O papa estremeceu e pediu para o rabino mostrar-lhe o poema que ele escrevera em homenagem ao seu filho. As mãos do rabino tremiam quando tirou do bolso um pedaço de papel velho e amarelado. O rabino esticou seu braço para o papa, dizendo: “Este pedaço de papel é muito querido para mim. Eu sempre o levo comigo.” O papa pegou o pedaço de papel e abriu-o cuidadosamente. De repente, as faces do papa ficaram pálidas e seus lábios começaram a tremer balbuciando as palavras “El chanan nachalatô”.

- Pai querido pai! - Gritou o papa caindo nos ombros do velhinho.

- Meu filho! - Exclamou o rabino abraçando seu filho perdido.

Agora tudo estava ficando claro para o papa. Mas, naquele momento, o rabino deu um passo para trás e falou tristemente:

- Será que mesmo depois de tudo o que aconteceu com você, ainda posso chamá-lo de meu filho?

- Claro! - disse o papa. - Você não disse, quando escreveu este poema, que D’us é piedoso e quando um filho de Israel se afasta do serviço Divino, D’us nos livre, Ele o reaproxima com Sua piedade e o traz para a teshuvá? Toda minha riqueza e esta nobreza são como nada para mim agora! - disse o papa emocionado. - Pai querido, voltarei para você, para meu D’us e para meu povo!

Os instantes seguintes foram gastos com planos exaltados.

Vários dias depois, o colégio de cardeais estava reunido no Vaticano esperando pelo papa - em vão. Descobriu-se que o papa havia desaparecido.

Alguém sugeriu que o papa deveria ter ido para o Céu. Outros pensaram que era mais provável que ele tivesse abandonado seu trono para exilar-se na pobreza, para expiar os pecados dos cristãos.

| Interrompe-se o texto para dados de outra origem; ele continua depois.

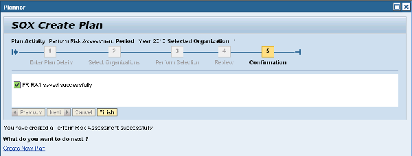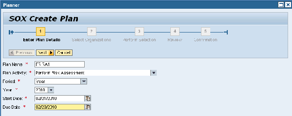 The Sarbanes-Oxley internal control manager kicks off the risk assessment using the guided procedure in five steps provided by the Planner feature available via menu path SOX > Evaluation Setup > Planner for subprocesses: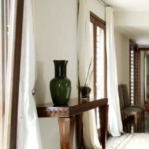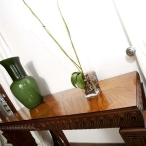 Consolle Decò finitura Noce con piano in legno e fascia intagliata in Frassino maculato finitura argento anticato

Não ocorreu a ninguém que o papa abandonou seu glorioso trono para voltar para junto de seu perseguido povo judeu.

Poucos anos depois, quando seu sucessor, o Papa Urbano II, iniciou a Primeira Cruzada (1095), as hordas de fanáticos cruzados invadiram as comunidades judaicas do Reno, pilhando e matando muitos judeus. Rabênu Shim’on Hagadol e seu filho Elchanan, que secretamente retornara à sua fé judaica, estavam entre as vítimas que morreram “al kidush Hashem” - pela santificação do nome de D’us.